O termo “litigância predatória” é uma junção de palavras com curiosa função; não se trata de um termo jurídico — não deixe o litigância te enganar, leitor; não existe nada que se possa conceituar como litigância predatória. O Código de Processo Civil até fala em litigância de má-fé, capitulada nos artigos 79 a 81. Da primeira leitura, o intérprete pode entender que litigância predatória é o patrocínio de causas envolvendo leões, tubarões ou outras feras.

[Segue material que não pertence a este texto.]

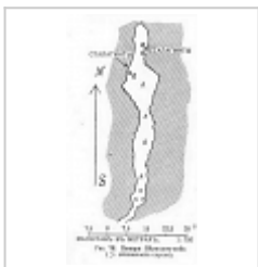
План и разрез Съемка Крубер А.А.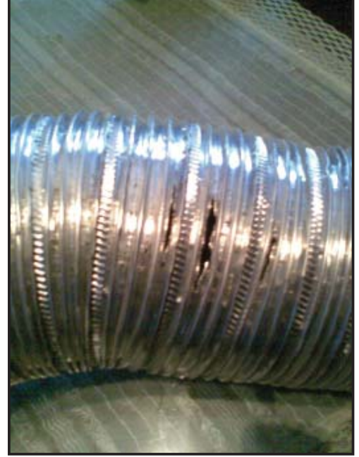
Olay mahalinde çekilen, doğal gaz sızıntısına neden olan bacadaki yırtıkları gösteren fotoğraflar

şirketlerinin periyodik kontrol ve denetimleri yapması zorunlu hale getirilmelidir. Örneğimizde, olayın mağdurlarının eğitilmiş bir kesimden oluşması, bu konunun yalnızca tüketicinin sorumluluğuna bırakılmayacak kadar ciddi bir boyut içerdiğini göstermektedir.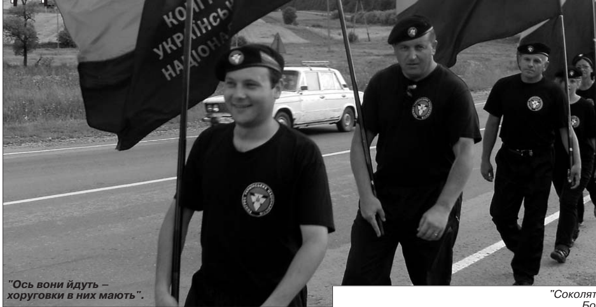
"Ось вони йдуть – хоруговки в них мають".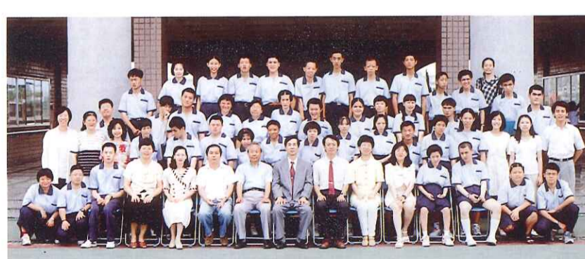
高三畢業生與師長合影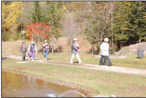
水源公園を歩く参加者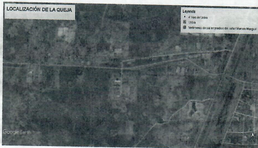
Figura 1. Localización geográfica de la queja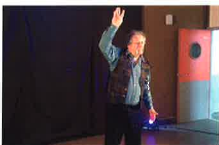
29 mars 2015 - Châteaumeillant EHPAD : Matinée contée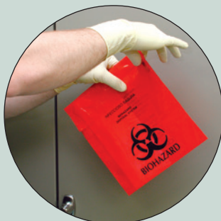
Pliegue la solapa adhesiva, selle y deseche la bolsa adecuadamente.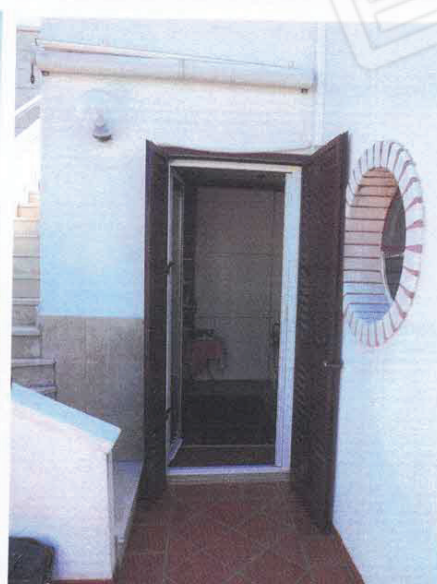
Foto 25- 26. Piano primo. Esterno.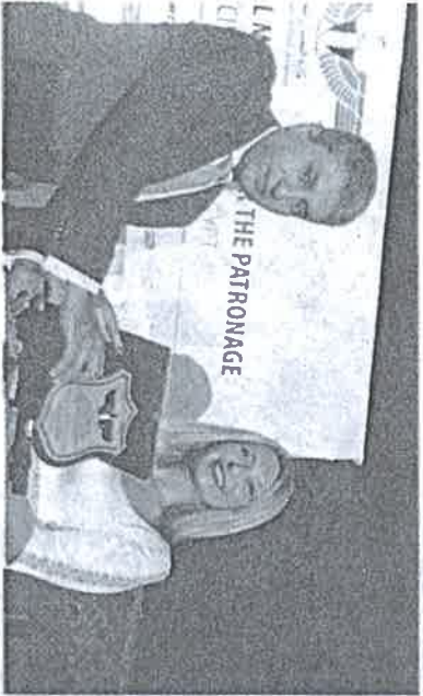
...وكرم جان مافزى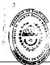
COORDINADORA/A DE CARRERA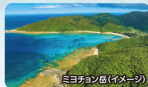
ミヨチヨン岳(イメージ)

奄美群島の有人島の中で最も小さな島で41世帯73名が暮らしています。ハブが生息する為、隣の請島と同様に、集落には「用心棒」(「ハブ棒」と呼ばれるハブを退治する為の棒が立てかけてあり、リュウキュウイノシシも生息しています。また、集落に広がるサンゴの石垣は国交省「島の宝100景」にも選ばれた、歴史ある風景です。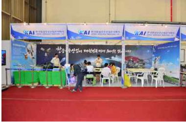
<항공 산업체 홍보>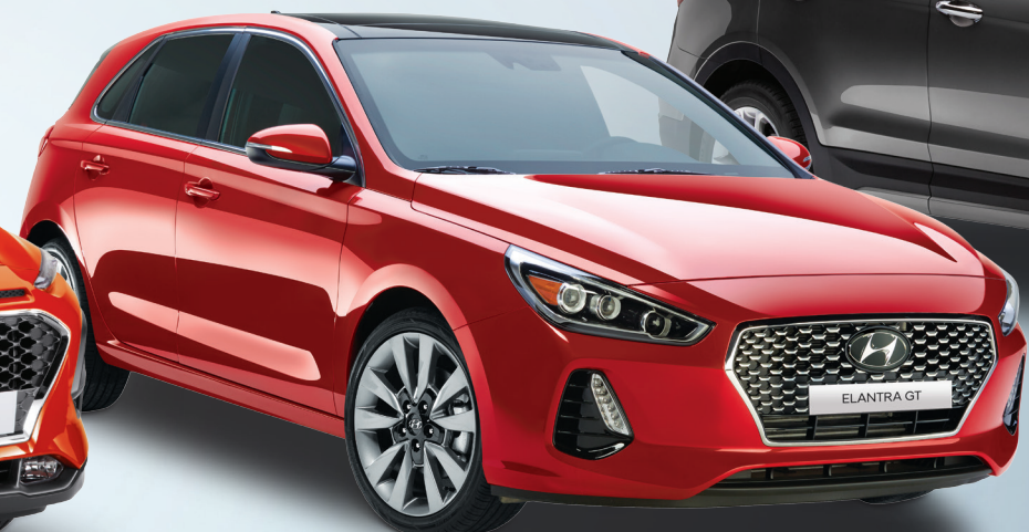
Modèle Sport Ultimate TDE montré *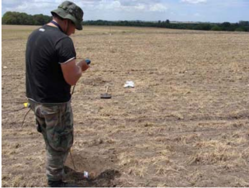
Figura 9. Medición con GPS y señalización de materiales con banderillas previo a su levantamiento.

Não é isso; litigância predatória é o nome dado pelo Tema Repetitivo nº 1.198 à defesa dos direitos dos consumidores em face de atitudes ilegais, inconstitucionais, inescrupulosas e predatórias — talvez daí o nome — praticadas em desaforo ao consumidor e ao microssistema consumerista.
Diz o Tema Repetitivo nº 1.198: “possibilidade de o juiz, vislumbrando a ocorrência de litigância predatória, exigir que a parte autora emende a petição inicial com apresentação de documentos capazes de lastrear minimamente as pretensões deduzidas em juízo, como por exemplo: procuração atualizada, declaração de pobreza e de residência, cópias do contrato e dos extratos bancários”.
À primeira vista, o leitor pode questionar-se acerca da necessidade do presente Tema Repetitivo; ora, apresentar procuração[2], comprovante de residência[3], prova dos fatos que alega[4] (ou pelo menos evidência suficiente para a apreciação rarefeita[5] dos fatos): estas são todas exigências fundamentais da lei processual pátria já em vigor, de desnecessária repetição, especialmente pela via de Tema Repetitivo.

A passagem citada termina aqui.